Мечислав еще отпил медовухи и задумался.
— Но эта твоя Любава никак не может быть ни колдуньей, ни ведьмой. Она дружинница Ингигерд. Да и Рагнар христианин. Все это знают.
— Любава всегда отрицала, что она ведьма. Но ее можно понять. Тяжела же жизнь колдуньи. Люди ее прославят, люди же ее уничтожат. Но ее дела говорят сами за себя.
— Нет уж, постой. Странно все это. И насчет дел, ты мне мозги не прополаскивай. Знаю я, как по городам и весям слухи распускаются, кого хочешь за что хочешь выдадут. А ты так вообще закоханный, судить трезво не можешь.
Он еще помолчал.
— Тревожно мне как-то, брательник, аж нутро затосковало. Дело, кажется, серьезное. Новгородцы ведь уехали? Остались двое, что с Любавой сидят? Давай, махнем на Новгородский двор, домик твоей зазнобы обыщем?
В Любавин домик братья проникли без труда. Новгородский двор и вправду стоял пустым. Мечислав огляделся.
— Начнем-ка с печки. Это самое женское место в избе. Зазнобу твою ведь неожиданно увели. Она ничего поди и спрятать не успела? О, а это что?
Он пододвинул горшок на полочке и вытащил несколько пергаментных листков, сшитых между собой.
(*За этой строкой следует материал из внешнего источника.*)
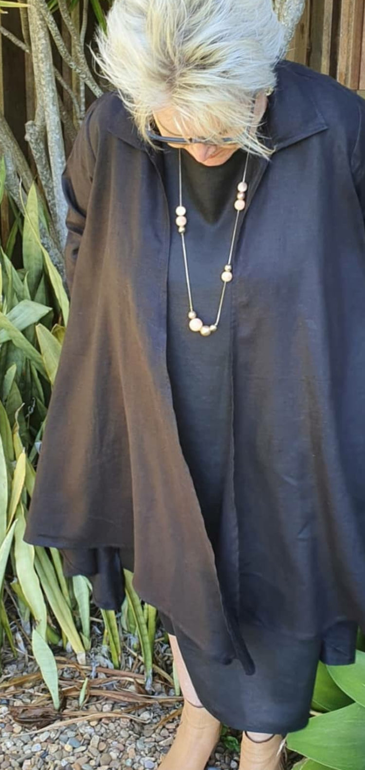 Introducing Michelle, a plus-size linen jacket that's more than just a piece of clothing – it's a journey back to the 60s, an era of undying elegance and iconic style. Michelle, with her captivating waterfall design, is reminiscent of classic fashion that never fades. Her flat collar gracefully transitions into long sleeves, which offer the versatility to be turned up, adding a touch of contemporary to the vintage. But Michelle isn’t just about appearances. She packs practicality with her two deep hidden pockets, ensuring you have a stylish space for essentials. Whether you choose to pair her with our mesmerising Millie dress or decide to go casual with jeans and a simple top, Michelle guarantees you’ll stand out.
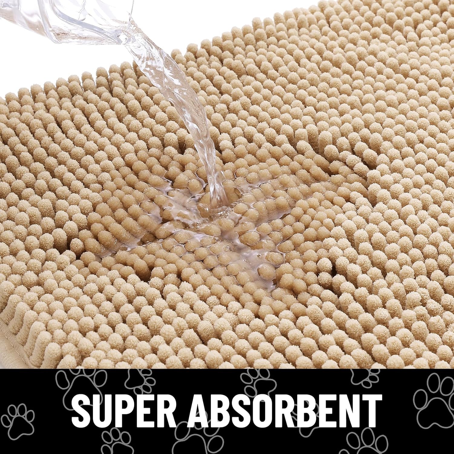 Smiry Dog Door Mat for Muddy Paws, Absorbent Dirt Trapper Non Slip Quick Dry Washable Chenille Mat for Mud Dogs, Entry Rug for Indoor and Outdoor (47x32 Inches, Beige)

— Ух ты! Слушай, брательник. «От всех двенадцати ногтей: от кровеного, от глазного, от мозгового, от нутреного, от костеного… так-так… от потнового, от воденого, от зубнового, от ездышного». Такого наговора даже я не слышал. Знатный наговор, однако.
Мечислав закрыл тетрадку, несколько минут постоял с закрытыми глазами, потом с откровенной жалостью воззрился на брата сверху вниз. Он был очень высок, Мечислав, княжич полоцкий.
— Эй, брательник, ты когда-нибудь грамотную ведьму видел?
— Нет, — еще не поняв, к чему он клонит, ответил Всеслав. — Только Любаву. Но она вообще на прочих ведьм не похожа.
— Она вообще не ведьма, понял? Ни одна ведьма наговоры записывать не будет. Они их с рождения на память учат. И помолчи теперь, брат закоханный. Мне подумать нужно. Уходим отсюда быстро.
Мечислав действительно молчал всю дорогу до дома. Всеслав с удивлением думал, что Любава, значит, всегда говорила правду. Она действительно не ведьма, но… Какая-то мысль ускользала, и именно ее Мечислав озвучил, когда закрыл за ними дверь их горницы.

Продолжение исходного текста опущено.